Ahí radica la diferencia básica entre las capacidades organizativas y operativas de Hamás en Gaza, muy bien protegidas tras el cerco de seguridad y sus dificultades organizativas y operativas en Cisjordania, incluyendo la región de Hebrón, donde se sabe que disfruta de un amplio apoyo popular.

En otras palabras, la decisión hecha por el anterior primer ministro Ariel Sharon de implementar totalmente el retiro unilateral de Gaza, incluyendo el renunciar a la Ruta Filadelfi a lo largo de la frontera de Gaza con Egipto, creó condiciones que le permitieron a Hamás y al Yihad Islámico acumular grandes cantidades de armamento avanzado. Una acción similar en Cisjordania, en concordancia a la demanda de control palestina al Valle del Jordán, muy probablemente colocaría el centro de Israel, incluyendo su principal infraestructura económica e industrial y el Aeropuerto Ben-Gurion ante una amenaza inaceptable. Estos son solo algunos de los factores que deben ser considerados seriamente respecto a cualquier medida similar en Cisjordania.

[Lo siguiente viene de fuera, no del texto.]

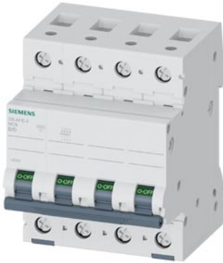
Miniature circuit breaker 400 V 10kA, 4-pole, B, 10 A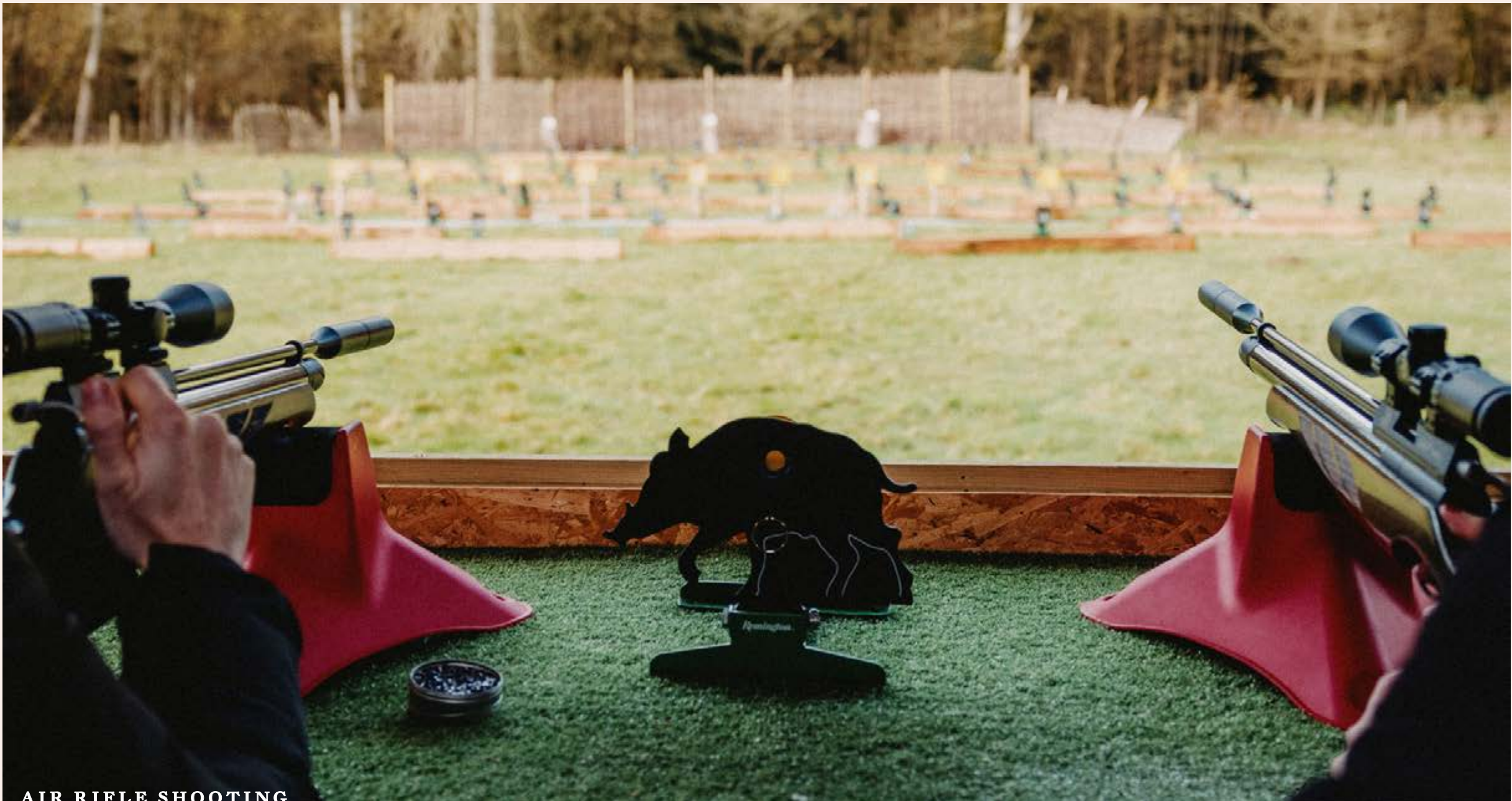
AIR RIFLE SHOOTING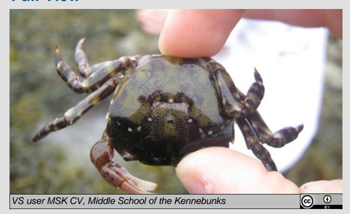
Look for a crab with a square shell and banded legs.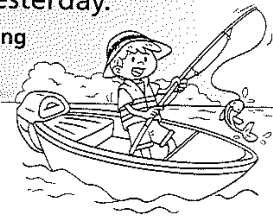
Simple Past Tense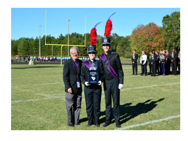
Community Service and Involvement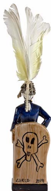
I'D BETTER GO AND GET SOMETHIN' HARDER #2 2014 (DETAIL—VERSO)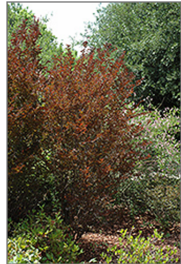
Cherry Dazzle Crapemyrtle

Cherry Dazzle Crapemyrtle makes a fine choice for the outdoor landscape, but it is also well-suited for use in outdoor pots and containers. Because of its height, it is often used as a 'thriller' in the 'spiller-thriller-filler' container combination; plant it near the center of the pot, surrounded by smaller plants and those that spill over the edges. It is even sizeable enough that it can be grown alone in a suitable container. Note that when grown in a container, it may not perform exactly as indicated on the tag - this is to be expected. Also note that when growing plants in outdoor containers and baskets, they may require more frequent waterings than they would in the yard or garden.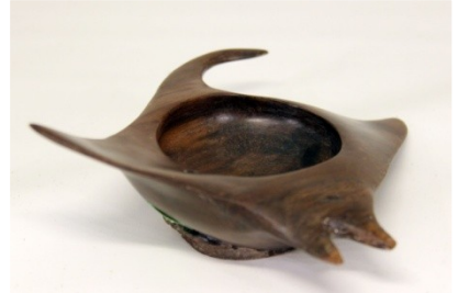
8 x 1 1/2 manta bowl - maple 7 x 1 1/2 manta bowl walnut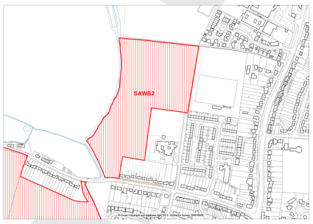
Figure 8.2 Site Location: Land North of West Road

A pesar de estas potenciales amenazas, todo lo sucedido en Gaza desde el verano del 2005 ofrece el lado positivo de que mucho puede aprenderse de dicho “caso anterior”. Los resultados de este “experimento humano” – experimentado a diario por los residentes de las aldeas y ciudades sureñas de Israel: pueden contribuir a la guerra a través de la opinión pública, arrojando serias dudas sobre la sabiduría de los “expertos” que siguen presionando por retiros adicionales en Cisjordania hasta el límite de la línea de seguridad. El acuerdo espacial “ellos están allí y nosotros estamos aquí” fue intentado en Gaza y fracasó abruptamente.

El debate sobre la interpretación del claro y presente peligro que emerge en Gaza luego de la desconexión es la clave para salvar a Israel de los peligros que conlleva la creación de un estado palestino en Cisjordania.

El Mayor General (ret.) Gershon Hacohen es investigador principal del Centro de Estudios Estratégicos Begin-Sadat. Sirvió en las FDI durante cuarenta y dos años. Comandó tropas en batallas con Egipto y Siria. Anteriormente fue comandante de cuerpo y comandante de Institutos Militares de las FDI.